We can’t do anything else but laugh about it because it’s not a reality for them – although they do have their own fair share of issues.
We watched the following Lynx ad by Unilever, being discussed in the States. The reason I showed this clip is because there is one female panelist in a studio full of men. Watch their reactions (nothing surprising).
What’s interesting here is mainly the woman’s take on it. It seems like everyone agrees – if it makes money it’s OK.
And the men’s reactions? Well, nothing out of the ordinary. Does that mean that we are also desensitised – seeing ‘boys just being boys’?
This led me to discuss the Porn Culture which surrounds us and how that’s become the ‘fashion’ now. I showed them more clips and what it means to them. I discussed this concept in my penultimate post: The fine line. A chat with teens.

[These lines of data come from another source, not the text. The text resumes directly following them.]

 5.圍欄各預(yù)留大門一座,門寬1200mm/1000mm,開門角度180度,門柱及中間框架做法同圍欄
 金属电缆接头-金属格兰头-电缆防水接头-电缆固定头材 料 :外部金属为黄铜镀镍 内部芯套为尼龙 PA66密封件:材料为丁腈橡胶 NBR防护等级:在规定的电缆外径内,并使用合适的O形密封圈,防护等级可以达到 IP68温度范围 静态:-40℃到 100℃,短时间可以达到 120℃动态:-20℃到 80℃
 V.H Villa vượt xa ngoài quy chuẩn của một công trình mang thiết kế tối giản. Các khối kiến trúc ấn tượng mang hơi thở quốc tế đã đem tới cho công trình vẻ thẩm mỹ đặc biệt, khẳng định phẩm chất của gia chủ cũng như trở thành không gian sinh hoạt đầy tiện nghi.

I could have talked about this FOREVER, but time was short. I finished with the trailer for Missrepresentation – the wonderful documentary I hosted a screening of last year – which perfectly encapsulates the serious issue of our gender’s representation in the media.

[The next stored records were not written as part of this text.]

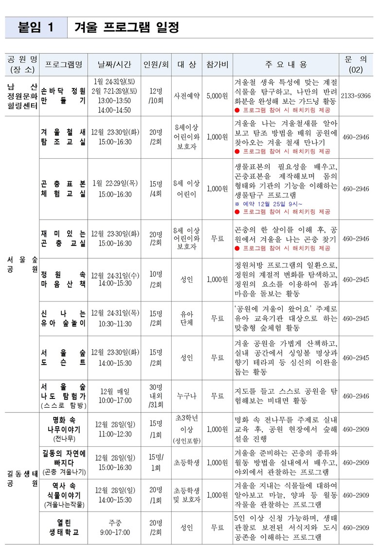 - ‘해치의 겨울정원여행’ 연계 키링 제공, 공공서비스예약 선착순 접수 [서울 세계타임즈=이장성 기자] 서울시는 다가오는 겨울방학을 맞아 서울의 공원 9곳에서 가족이 함께 즐길 수 있는 다양한 ‘겨울 공원 프로그램’ 42개를 운영한다고 밝혔다.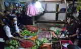 Gubernur Jawa Barat Ridwan Kamil berbincang dengan pedagang sayuran saat kunjungan ke Pasar Tradisional Baltos, Kota Bandung, untuk memantau harga kebutuhan pokok pasca kenaikan BBM, Senin (12/9). Dalam kegiatan itu, Gubernur Jawa Barat menemukan sejumlah fenomena seperti produk mengecil, kenaikan harga bahan makanan perikanan dan pembeli daging sapi maupun ayam mengalami penurunan meski harga tidak mengalami kenaikan. (FOTO : Edi Yusuf/Republika)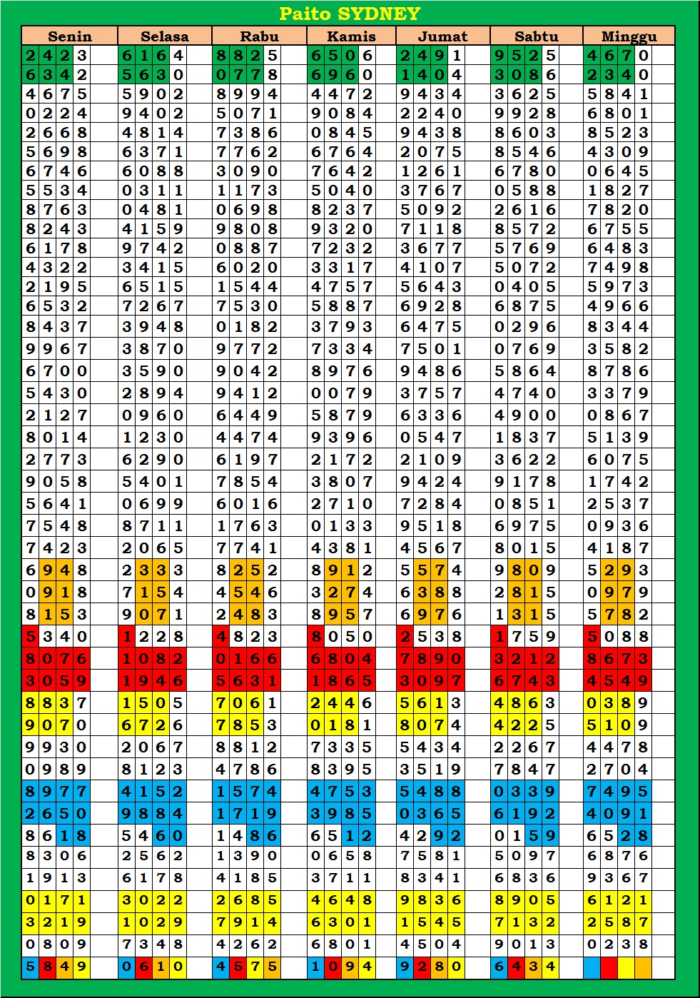 | PAITO WARNA SYDNEY 4D HARIAN |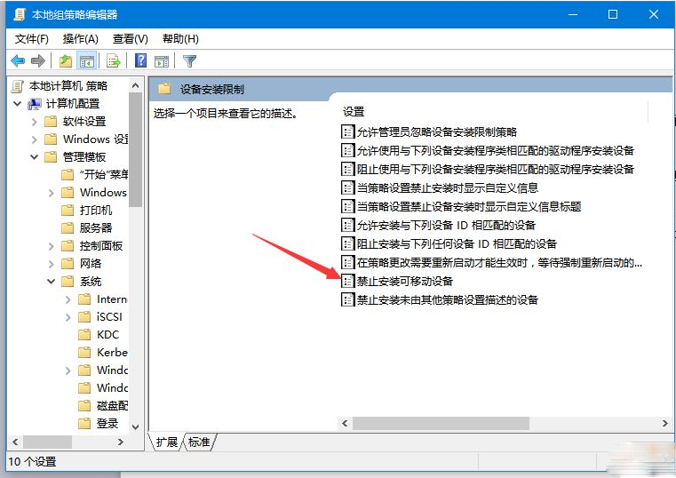 2、依次打开计算机配置---管理模板--系统--设备安装--设备安装限止项,在右侧找到并双击“禁止安装可移动设备”打开其属性。

My colleague then tackled, What is Beautiful?
We looked at photoshopped images and got the girls to do an activity, where they put stickers on each others’ backs with positive phrases about their characteristics.
They loved it.
We talked in groups about some possible party scenarios, looked at sexuality and relationships and finally encouraged them to be a voice – to call out injustices and be a sisterhood to each other.
After lunch the boys and girls came together to listen to Collett Smart.

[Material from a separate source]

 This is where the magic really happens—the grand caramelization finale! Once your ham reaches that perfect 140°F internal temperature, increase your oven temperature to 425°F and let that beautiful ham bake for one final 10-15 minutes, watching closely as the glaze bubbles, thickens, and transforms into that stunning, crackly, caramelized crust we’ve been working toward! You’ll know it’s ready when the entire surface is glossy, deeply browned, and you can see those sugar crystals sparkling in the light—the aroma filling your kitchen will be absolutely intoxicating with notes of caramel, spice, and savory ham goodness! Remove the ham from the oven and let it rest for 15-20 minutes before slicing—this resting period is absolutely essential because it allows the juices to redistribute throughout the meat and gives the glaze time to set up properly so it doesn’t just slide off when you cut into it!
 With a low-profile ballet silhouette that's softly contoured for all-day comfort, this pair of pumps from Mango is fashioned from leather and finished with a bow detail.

She discussed issues such as the truly damaging effects of child pageants on young girls (affirming from a very tender age that the only validation a girl can have is through her looks) through to hearing the tragic story of a teen girl who survived a rape.
She reaffirmed many of the issues we had discussed with the girls earlier in the day, which gave those messages more strength – Yay!
But there was one important point that Collett made, that stayed with me – it resonated:
She said the path toward a better social existence between girls and boys; women and men – is mutual respect. There seems to be a huge portion of the responsibility laid on boys and men to respect women, but women and girls also need to respect men.
Question #155: Are women truly respecting men in this hyper-sexualised, porn culture?
It’s a tough question, but we need to step back and look at this through a balanced perspective.
Both genders play a role in perpetuating a state of existence.
Both men and women. Boys and girls.
Something to ponder.
At the end of this day, I hoped our girls left feeling a little more empowered about their whole selves – not just what they look like – and will become more united as women to cultivate that word – RESPECT – in themselves and those around them.
So it was no surprise that I actually cried a little when I saw the following messages from some of the girls, on my Questions for Women Facebook Page:
I just want to thank you and Miss Fitzgerald for your talk today. I honestly feel so empowered to change the society we live in. I feel so much better about myself and I really want to make a difference in the world. Thank you for opening up my eyes to the world we live in. Hearing what people had to say about me in the sticker activity made me feel so good about myself. To know that people like me for something more than my looks is amazing. You are an inspiration to me and so many others. xx”
“Thanks so much ms. You really are an inspiration xxx”
“MISS ! thank you so much for today ! It really made me think twice about what i do now and the way i see my self. you are a true inspiration and we’re all so lucky and grateful to have you at our school.”
“Thanks so much for today miss! It gave us such a great message in a very fun way. It was really eye opening to many of the girls and it was really good to realise we all empowered each other as women. We love you miss!”
“We’re so lucky to be surrounded by such empowering women!”
My message to these girls was:
“May your love, intelligence, strength and compassion be what shines through and gives you true validation. That’s what makes you beautiful.
You’re all necessary and needed just the way you are. xxx”
I wish I could do this every day. My soul feels full and alive.